What you are asked to do >>
Pictures aside, reproduce exactly each line from the one holding "Varje verk är" through the last line of the material, both ends included.

Data segment >>
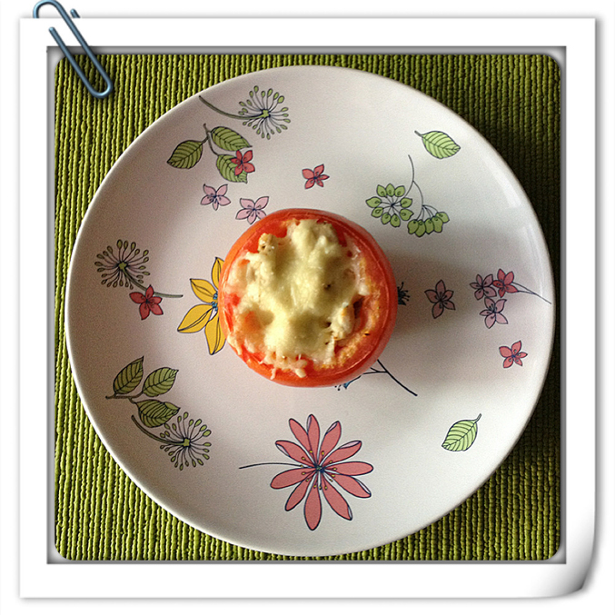 внутри помидор тоже добавляем специи и укладываем курицу,сверху тертым сыром и в духовку при температуре 200гр на 20 минут.
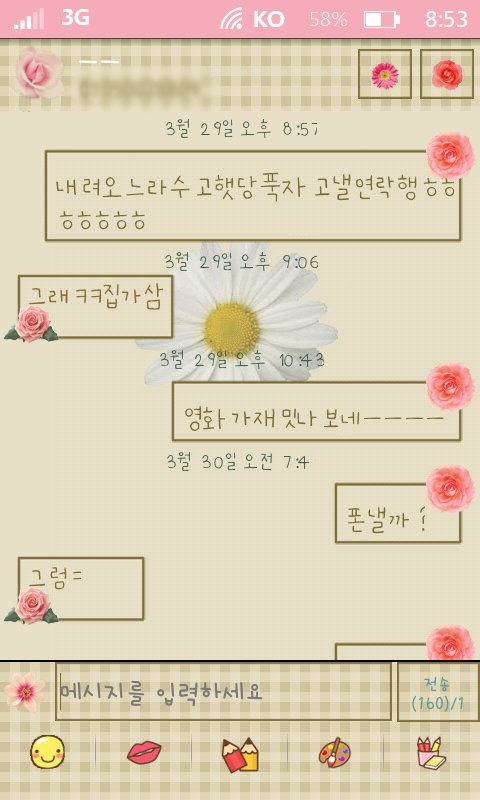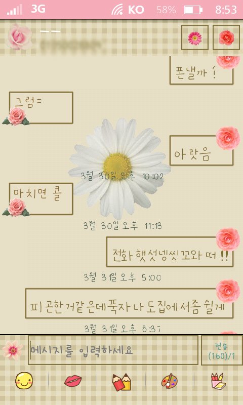 그래서 문자로 "씻고왓당전화해썻넹" 하니까 그대는 묵묵부답
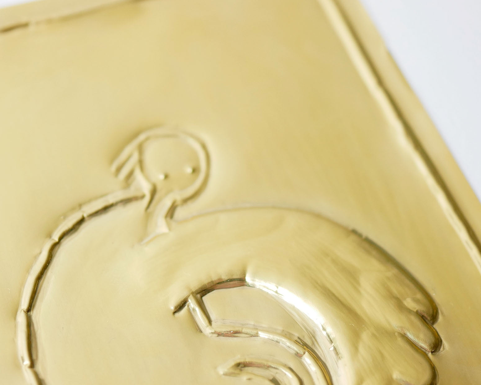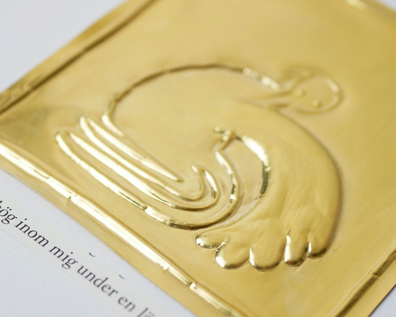 Varje verk är präglat för hand i mässingsplåt och monterat på syrafritt akvarellpapper (180 gsm). En mening, omsorgsfullt vald ur en bok, förstärker motivet. Alla verk är original – det finns bara ett av varje.
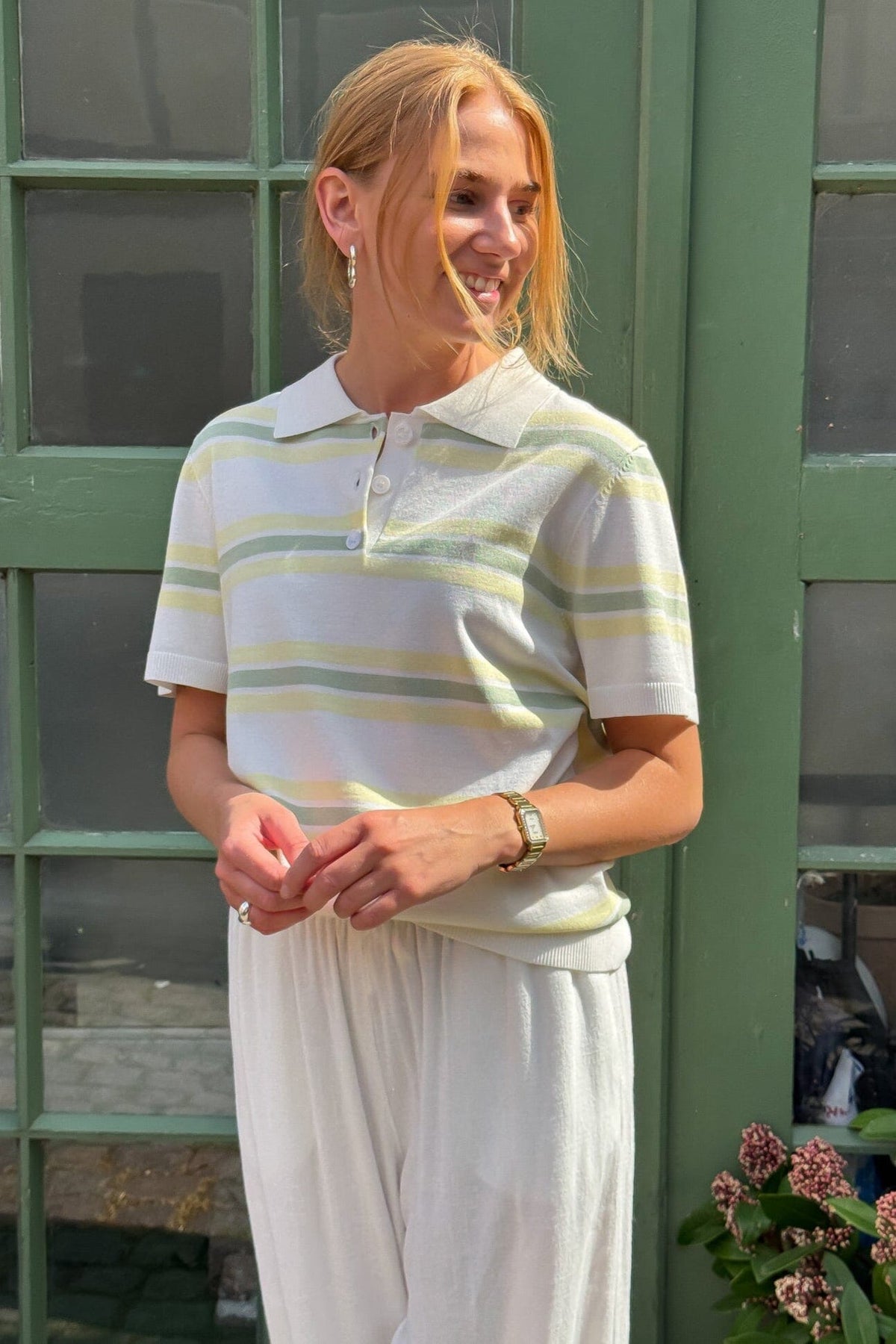 Sweter polo od A-View z poziomymi paskami w białym, żółtym i zielonym kolorze. Sweter ma klasyczny kołnierzyk polo z zapięciem na guziki i krótkie rękawy w luźnym kroju.

Task result >>
 Varje verk är präglat för hand i mässingsplåt och monterat på syrafritt akvarellpapper (180 gsm). En mening, omsorgsfullt vald ur en bok, förstärker motivet. Alla verk är original – det finns bara ett av varje.
 Sweter polo od A-View z poziomymi paskami w białym, żółtym i zielonym kolorze. Sweter ma klasyczny kołnierzyk polo z zapięciem na guziki i krótkie rękawy w luźnym kroju.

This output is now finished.